Одеваются лхадосцы также, как и другие обитатели восточного Тибета; маленькая разница замечается только в головном убранстве женщин, в распределении ими связок янтарей, искусственных серебряных раковин, и в числе более или менее широких матерчатых лент, в свою очередь, различно приспособляемых на головах и спинах богатых туземок. Лхадоские женщины и девушки — большие любительницы всевозможных женских украшений и нарядов; они норовят заманить продавца с подобными товарами в соседство своего дома, чтобы тем самым скорее дать понять мужьям или отцам о представляющемся случае исполнить обещание, данное ими когда-то купить ту или иную вещь, на зависть гордых соседок. От множества различных бус, янтарей и раковин, от связок ключей, нацепленных на женщин и девушек, от своеобразных звуков, издаваемых всем этим убранством во время движения, лхадосцам положительно невозможно пройти не замеченными. По части раскрашивания лиц обитательницы Лхадо такие же мастерицы, как и прочие тибетки. Наиболее интересным представляется, между прочим, наблюдавшееся нами среди чамдоских модниц намазывание зимою щек упомянутым раньше ирромом, который будто бы предохраняет наиболее нежную кожу женщин от ветра и холода в дороге.

Обычай намазывания тибетскими женщинами себе лиц, с точки зрения отрицательного кокетства, введен был, говорят, в этой стране издавна и продолжает существовать, как пережиток, до настоящего времени в Лхасе и в тех областях Кама, где сосредоточены монастыри, а следовательно и многочисленная монастырская молодежь. Дабы не вводить лам в искушение, тибетки обязаны, кроме того, избегать встречи с ними, в крайних же случаях должны, по меньшей мере, «потуплять взор долу...» [152]

Нравственные качества лхадосцев мало чем отличаются от таковых же вообще обитателей восточного Тибета: им присущи та же лень, грубость, лицемерие, низкопоклонство; то же ханжество и суеверие. Подобно всем тибетцам, лхадосцы бесцеремонные попрошайки: потомкам монголов ничего не стоит протянуть руку и причитывать прославление: «куцэрен, куцэрен... сирену...» При встрече с почетными ламами или чиновниками, лхадосцы заранее слезают с лошадей, а при еще большем приближении приседают и, одновременно с приседанием, высовывают язык, часто оттягивая правою рукою соответствующую щеку, а затем произносят «дэму» или «тэму», равносильное нашему «здравствуй!» В разговоре со старшими лицами простолюдины молчаливо и почтительно стоят и только изредка одобрительно кивают головой и покорно повторяют «лаксу», «лаксу», т. е. «да, да», даже выслушивая жестокий приговор над собою.
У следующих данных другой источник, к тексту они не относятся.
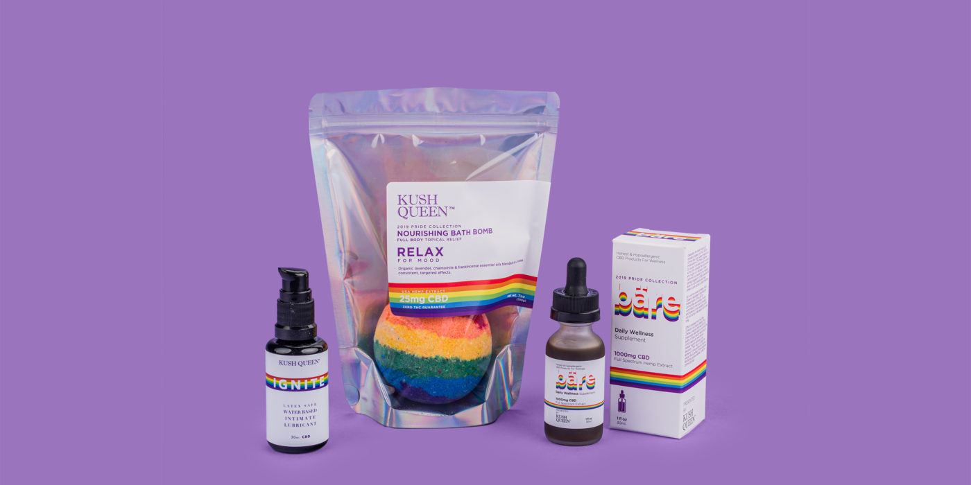 Celebrating the shared history of cannabis progress, and the LGBTQ+communities, Kush Queen presents our limited edition 2019 Pride Collection. The Pride CBD bath bomb with 25mg CBD, Pride Ignite Water Based CBD Lubricant, and our 1000mg Bare CBD Tincture.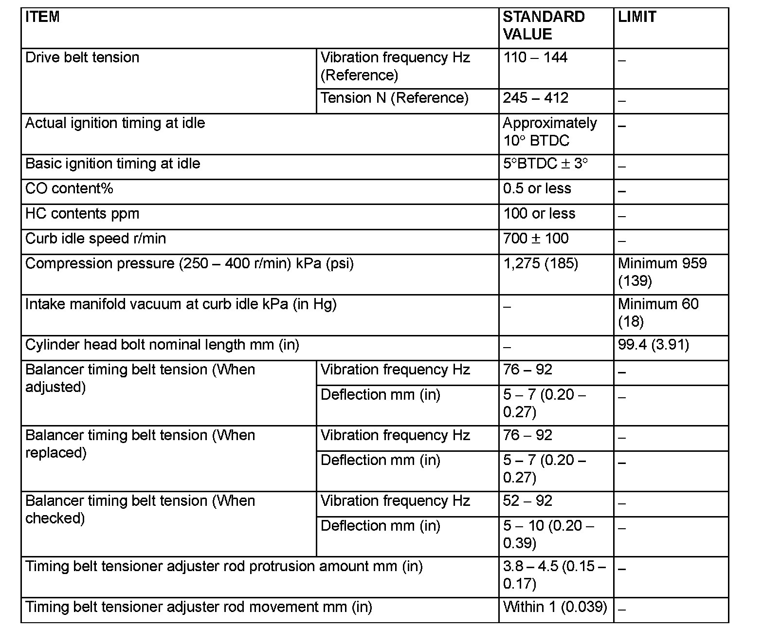 SERVICE SPECIFICATIONS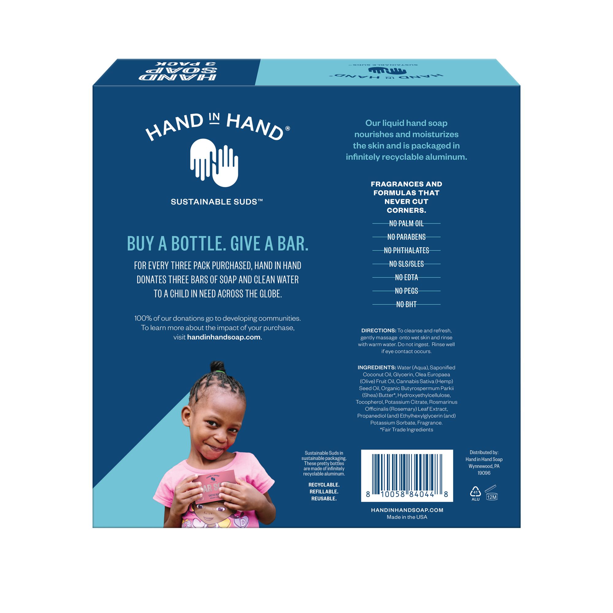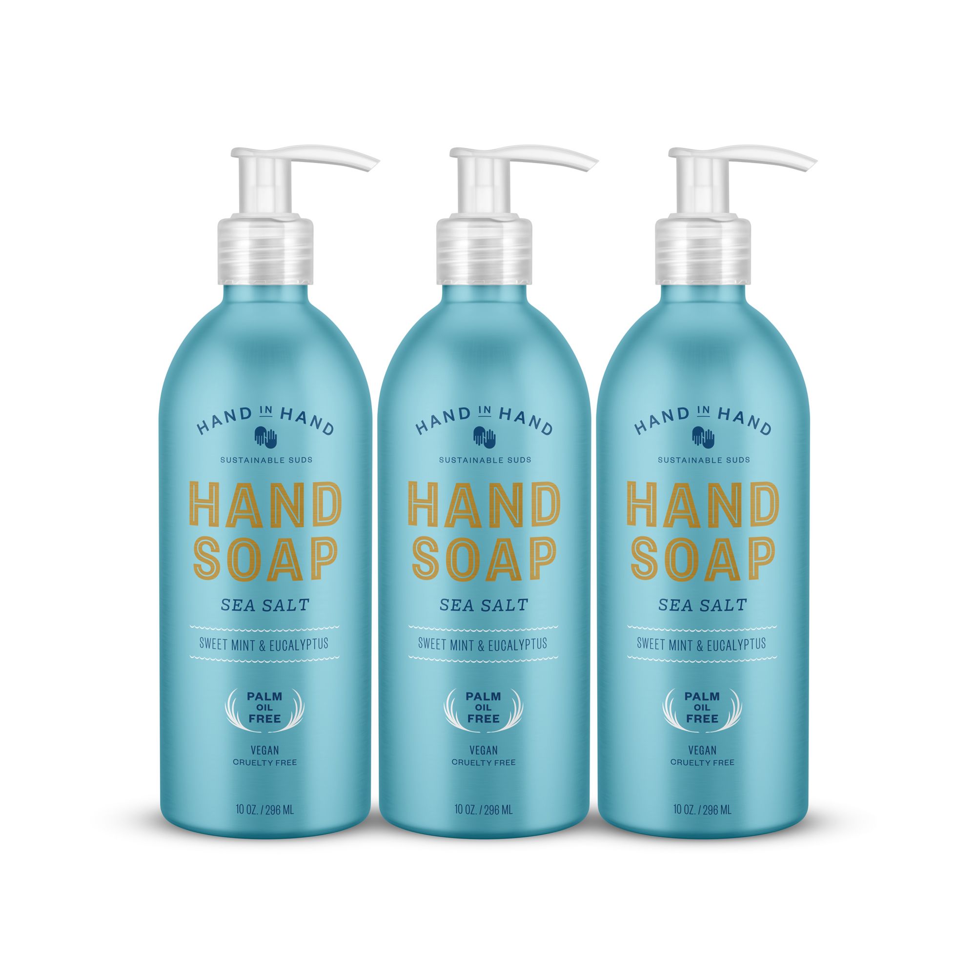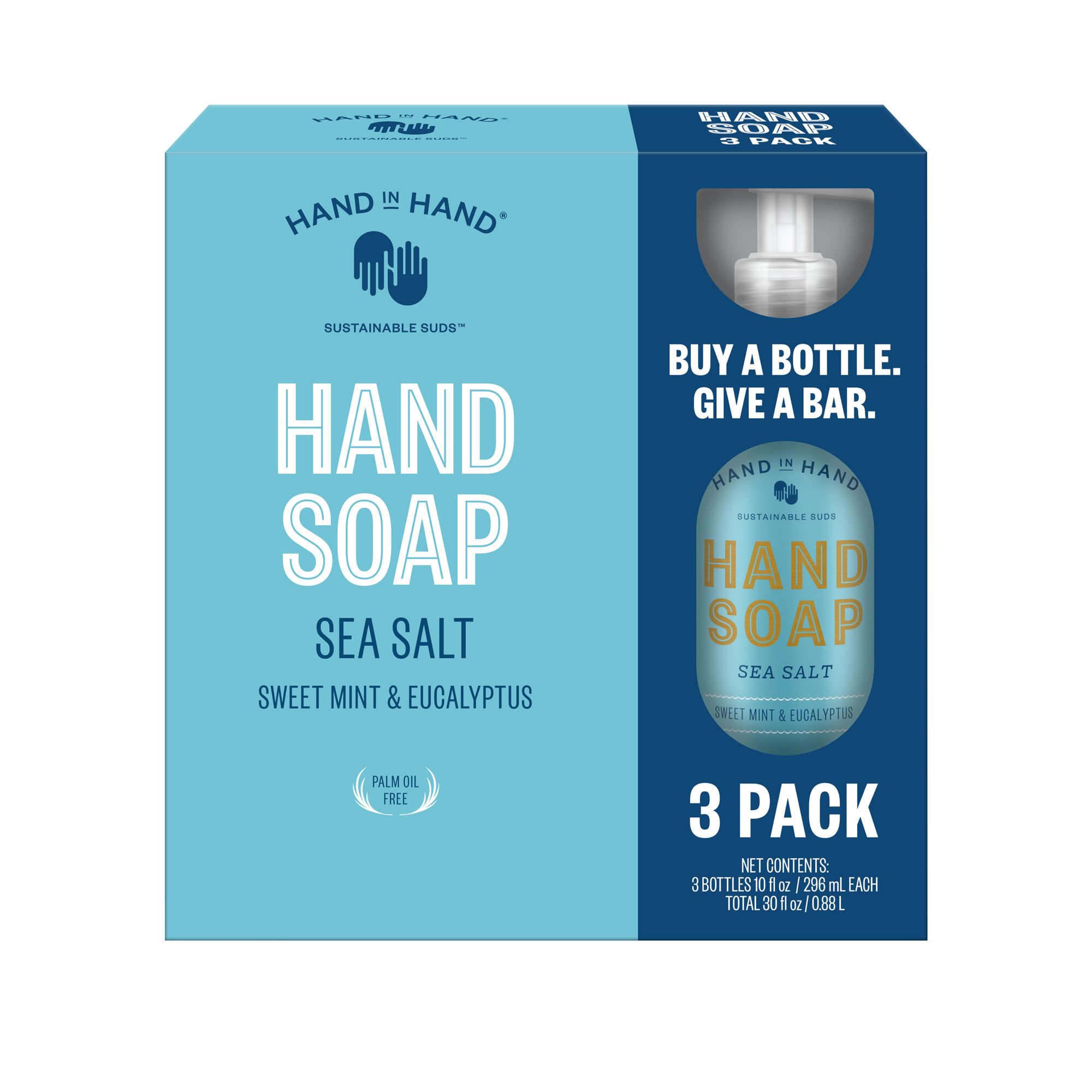 3 x 10 oz bottles of hand soap Sea Salt scent has an energizing and crisp blend of eucalyptus and sweet mint with notes of peppermint and cut spearmint leaves. So refreshing Palm Oil Free, Paraben Free, Cruelty Free Vegan Packaged in 100% infinitely recyclable aluminum For every liquid hand soap purchased, we donate one bar of soap and water to a child in need across the globe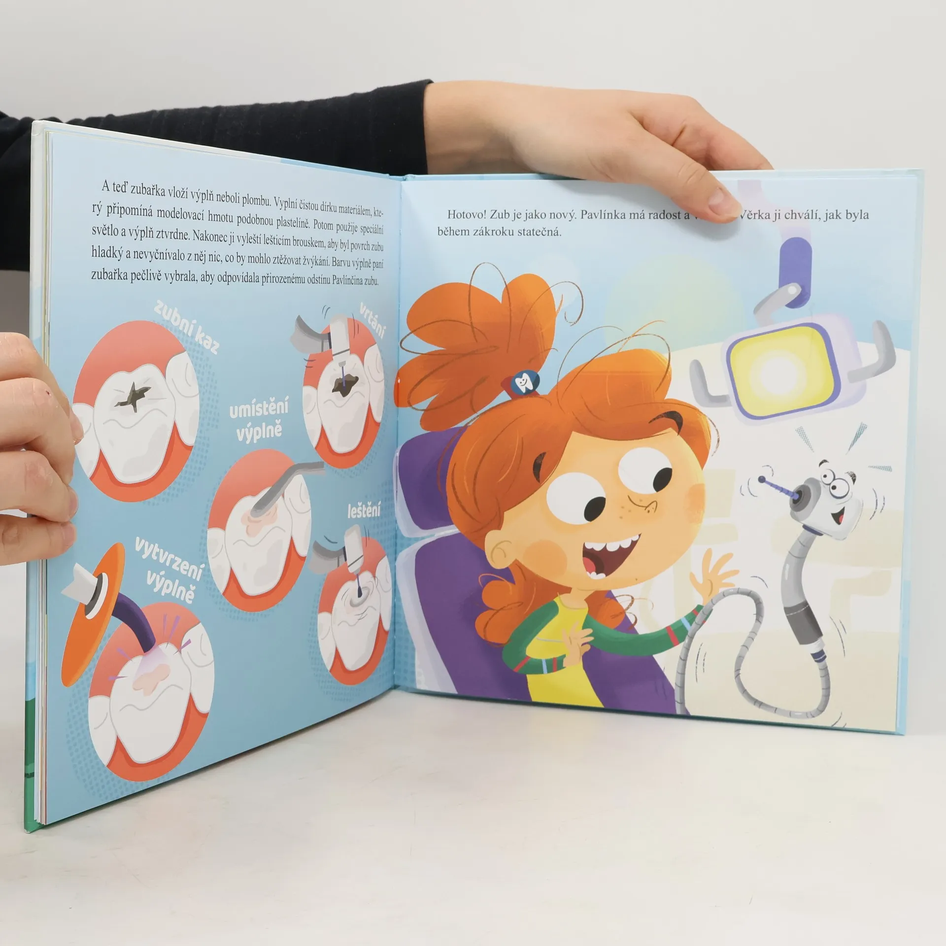 Pavlínka má maminku zubařku, a tak má pravidelnou kontrolu svých zoubků zábavnou. Maminka jí vysvětlí vše, co ji kolem zubů zajímá. Ty si v knize rovněž můžeš přečíst všechno, co chceš o zubech vědět. Možná ti vrtá v hlavě, odkud se berou zuby a proč se děti vlastně rodí bez zubů? A když jim vyrostou mléčné zuby, proč jim po čase zase vypadají a narostou nové? Jedna zásadní otázka zní – proč je důležité si zuby čistit? Od ní se odvíjejí další dotazy. Jsou sladkosti pro zuby skutečně nebezpečné? Jak si co nejlépe čistit zuby? K čemu je dobrá zubní nit? Máš kamarády s rovnátky, popřípadě i ty nosíš rovnátka? K čemu slouží? Chystáš se na svou první kontrolní návštěvu k zubaři. Jak to tam bude vypadat? V knize se prostě dovíš vše potřebné a přijdeš na to, že návštěva zubaře není zbytečná, je to tam naopak dokonce i zajímavé.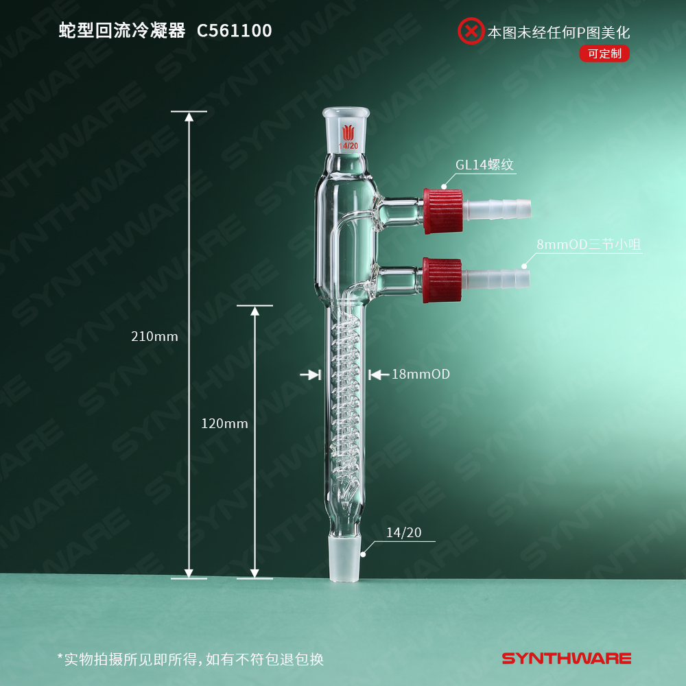 冷凝器 > 回流冷凝器 > 蛇型-具可拆式小咀回流冷凝器 > SYNTHWARE > 蛇型回流冷凝器,14/20,夹层长100mm,φ8mm可拆式小咀 C561100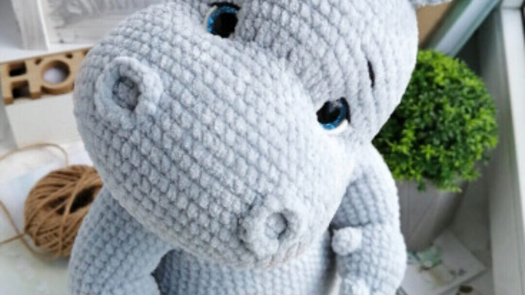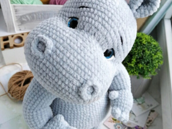 Ослик вяжется из стандартной плюшевой пряжи 100гр/120м. Ноги и руки ввязываются в тело, голова на шплинтовом креплении. Ростом игрушка получается примерно 33-34 см.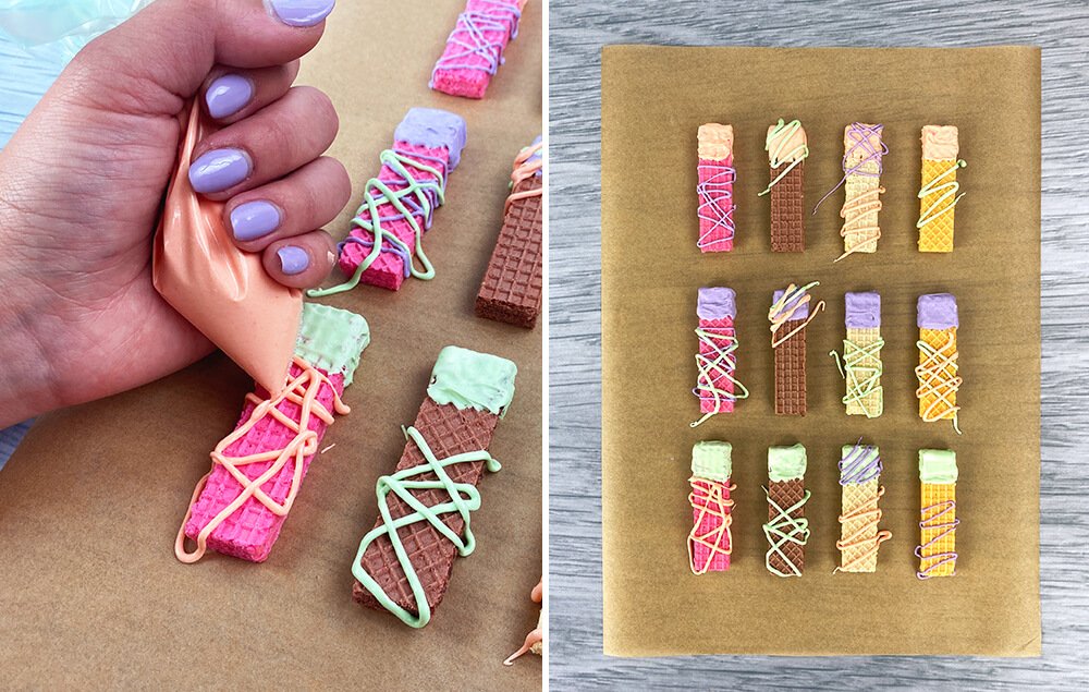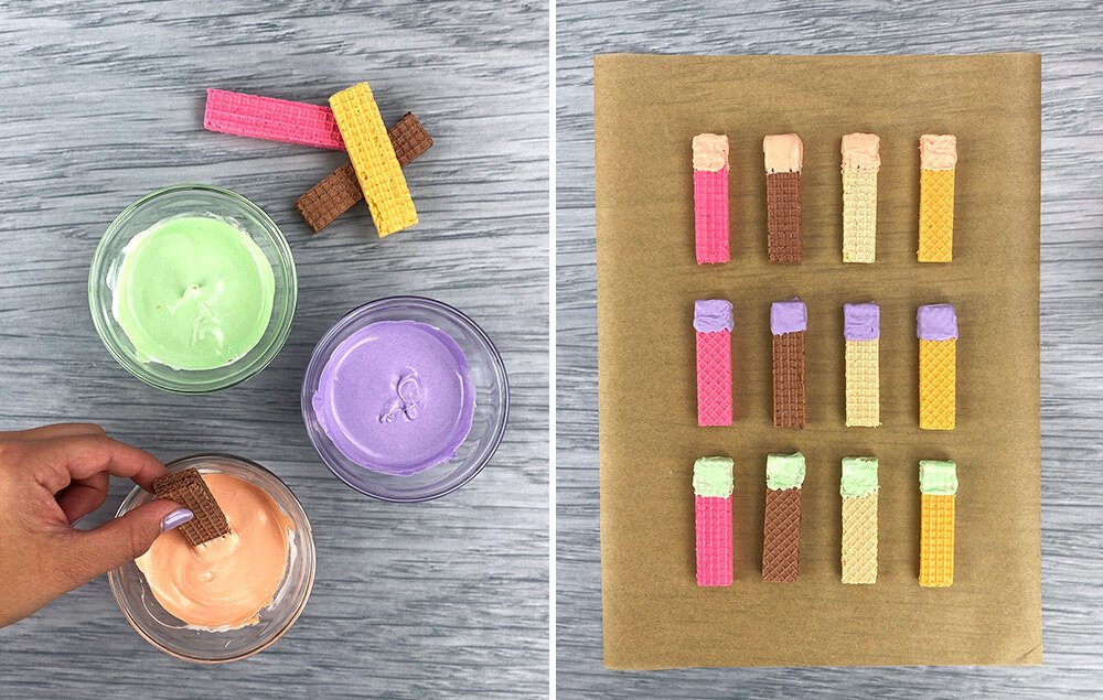 A) Dip the ends of the wafer cookies into the melted chocolate colors.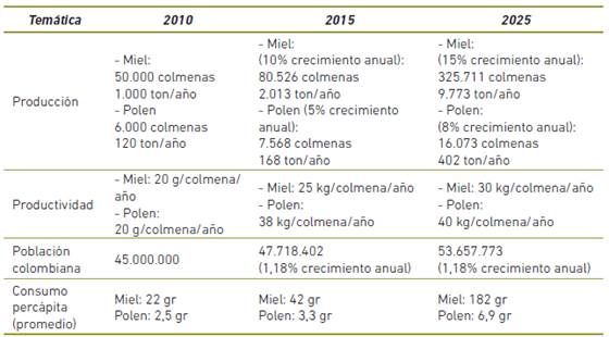 En el 2010, la CPAA, estableció las proyecciones de consumo interno percápita promedio, producción y productividad por colmena para el periodo comprendido entre el 2011 y el 2025 para miel y para polen.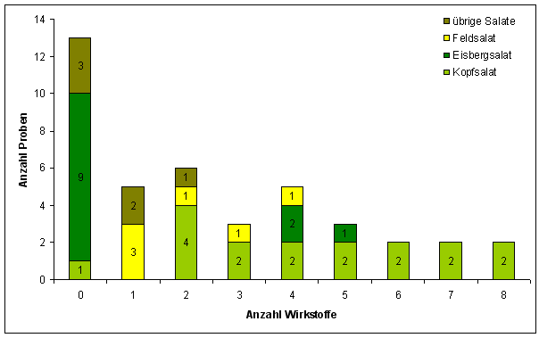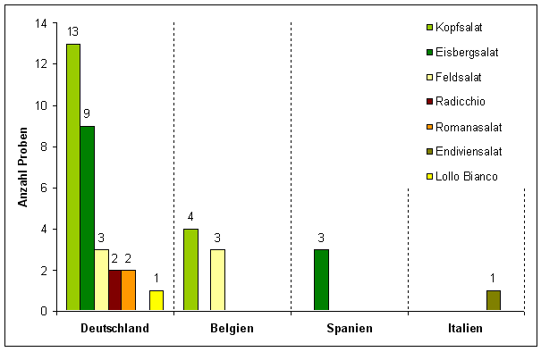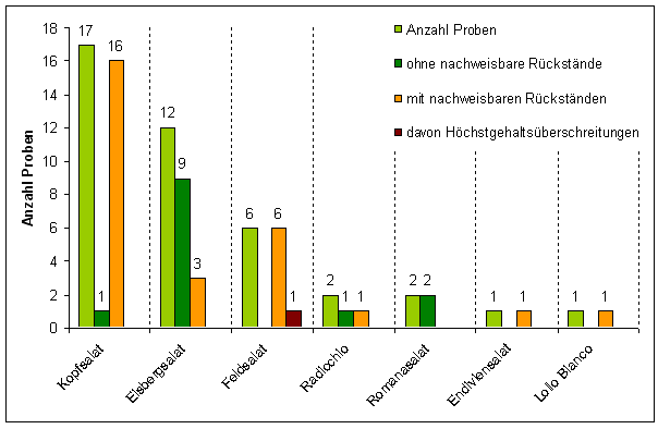 Im Lebensmittelinstitut Oldenburg des LAVES wurden im Jahr 2010 insgesamt 41 Salatproben aus konventionellem Anbau auf Pflanzenschutzmittelrückstände untersucht. Es handelte sich um 17 Proben Kopfsalat, 12 Proben Eisbergsalat, 6 Proben Feldsalat, jeweils 2 Proben Radicchio und Romanasalat sowie jeweils eine Probe Lollo Bianco und Endiviensalat.

В знак одобрения тибетцы поднимают вверх большой палец, тогда как поднятый мизинец определяет собою низшее качество; промежуточные же пальцы указывают на соответствующую их расположению степень; два больших или два малых пальца, поднятых или выставленных одновременно, выражают или высшую похвалу, или крайнее порицание. Как и у других обитателей Тибета, у лхадосцев принято встречать и провожать гостей до лошади. О всяком постороннем или чужом человеке, направляющемся в дом тибетца, или проходящем мимо, но вблизи жилища, вовремя дают знать своим неистовым лаем огромные злые собаки.

Для лхадоских девушек, начиная с 13-ти-летнего возраста, равно и для молодых женщин, считается в высшей степени неприличным войти в чужой дом или даже во двор (у оседлых). Ни одна девушка и женщина, за исключением старух, не рискнет этого сделать из боязни, чтобы люди не заподозрили ее в любовной связи с мужчинами чужого дома. Если явится необходимость видеться с хозяйкою дома, с ее дочерьми или вообще потребуется передать какое-либо словесное поручение в такой-то дом, то они, подходя к нему, громко выкрикивают имена тех женщин, с которыми желают говорить. Те в свою очередь выходят из дома и где-либо в стороне имеют свидание. Таким же образом соседки-женщины навещают друг друга и в праздничное время, под видом гостей; угощение предлагается [153] девушкам и молодым женщинам также вне дома. Бедные девушки-пастушки, пасущие чужой скот, ночуют обыкновенно у себя дома, а пищу, получаемую ими от хозяина или владельца скота, съедают вне дома этого лхадосца. Мужчины же и старухи входят в чужой дом свободно.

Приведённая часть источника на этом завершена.